14. Orange. In the space of about an hour, Dana Holgorsen's evisceration of Clemson went from thrilling to discomfiting to boring to morbidly fascinating to -- once we all realized the Mountaineers weren't going to hit triple digits -- back to boring again. Not every game that hits 100 points is one for the DVD vaults, as it turns out.

15. Liberty. Give me Cincinnati defeating Vanderbilt in surprisingly convincing, mildly entertaining fashion or give me death! (Actually, we've got that first thing already, so no need to worry about providing the second, thanks.)

16. Chick-Fil-A. For 2.5 quarters, this was a delightful shootout with all the requisite trickery you'd hope for from a game involving Gus Malzahn. Then Virginia remembered that it was not only Virginia, but proud ACC member Virginia, and the fun was over.

17. Meineke Car Care. Seriously, Texas A&M, we didn't tune in to see you only flirt with blowing a huge lead against a team that hasn't won a bowl game since approximately the Grover Cleveland administration.

18. Capital One. This game featured an abundance of must-watch plays -- Alshon Jeffery catching a  bomb, Alshon Jeffery hauling in a half-ending Hail Mary, Alshon Jeffery getting ejected for fighting -- but aside from, well, Alshon Jeffery, there wasn't much to it.

19. Cotton Bowl. The 15 seconds of Joe Adams' punt return, the 10 seconds of Jarius Wright's touchdown, and the 5 minutes when it looked like Kansas State might mount yet another smashing comeback were riveting stuff. The other 54:35? Not so much.

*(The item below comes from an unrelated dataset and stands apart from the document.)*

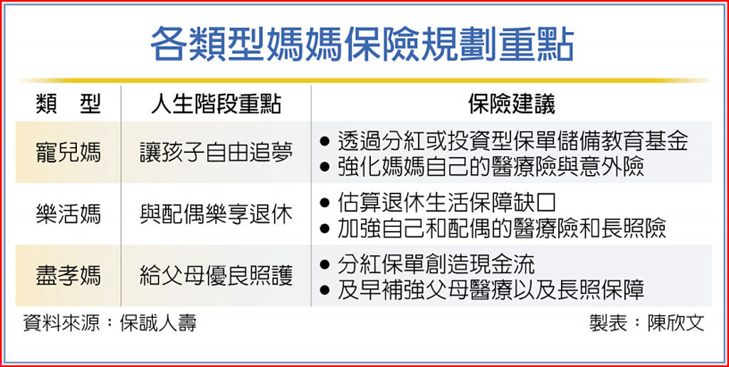 母親節到來,壽險業者建議媽媽們在寵愛家人的同時,也要重視自己的保障。藉由每年定期檢視自己與家庭的保單,再依照家庭的財務狀況以及需求,強化全方位的安心守護,由於媽媽隨著自己年紀與家庭成員的變化,在每個人生階段有不同的目標,建議可依照本身需求與家庭成員的成長來規劃適切的保險保障。
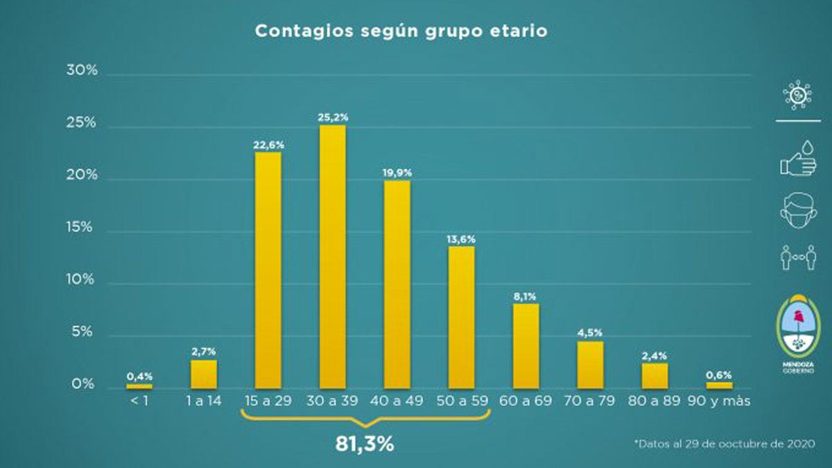 De los datos oficiales también surge que en la franja etaria de los 15 a los 59 años, es donde más contagios se producen y también donde se da el mayor porcentaje de recuperación. Sigue manteniéndose en el 81,4% de los infectados.

20. BCS National Championship. A great game, if you're the sort of fan who enjoys watching nature shows where a pride of lions tear a wildebeest to pieces because the wildebeest can't complete a downfield pass to save its life.

21. TicketCity. If he'd stuggled, he'd have been called a fraud; because he ripped Penn State's D into tiny shreds, no one paid attention. Which is why we're working on a sitcom pilot right now called Case Keenum Can't Win.

22. Gator. When one team's special teams scores just one fewer touchdown than the two offenses combined (as Florida's did), it's safe to say you're not watching a classic.

23. GoDaddy.com. Thanks to a 31-0 run from Northern Illinois, what was expected to be a nailbiting shootout ended up the biggest disappointment since that "unrated web content" we checked out.

24. Champs Sports. It wasn't pretty, but at least the Seminoles and Irish were trying their best ... to make us wish they'd just aired a repeat of the 1993 meeting instead.

25. Las Vegas. College football produces a lot of emotions, but from the neutral perspective, it's rare that one of them is outright legitimate anger. Seeing Kellen Moore forced to end his career slumming it against an Arizona State team that checked out in early November sure turned the trick, though.

26. Independence. The Tar Heels came out so flat, and were finished off so quickly, that we're pretty sure the only lovely parting gift they walked away with was "Independence Bowl: the Board Game."

27. Music City. Mississippi State turned the ball over four times, and Wake Forest averaged 2.9 yards per-play. If Hank Williams or some other old-time country artist had come to Nashville to write a sad song about a sad bowl game, this is the game they'd use for inspiration.

28. Insight. Sadly, the only "insight" we got from this game was that Vegas oddsmakers -- who had the Sooners installed as the biggest favorite of the entire bowl season -- know what they're talking about. And who didn't know that already?

29. Holiday. It wasn't that long ago when Jeff Tedford's Cal and Mack Brown's Texas squaring off would have been appointment television. This game was, too, though in the sense that it was the sort of game you made an appointment somewhere else to avoid viewing.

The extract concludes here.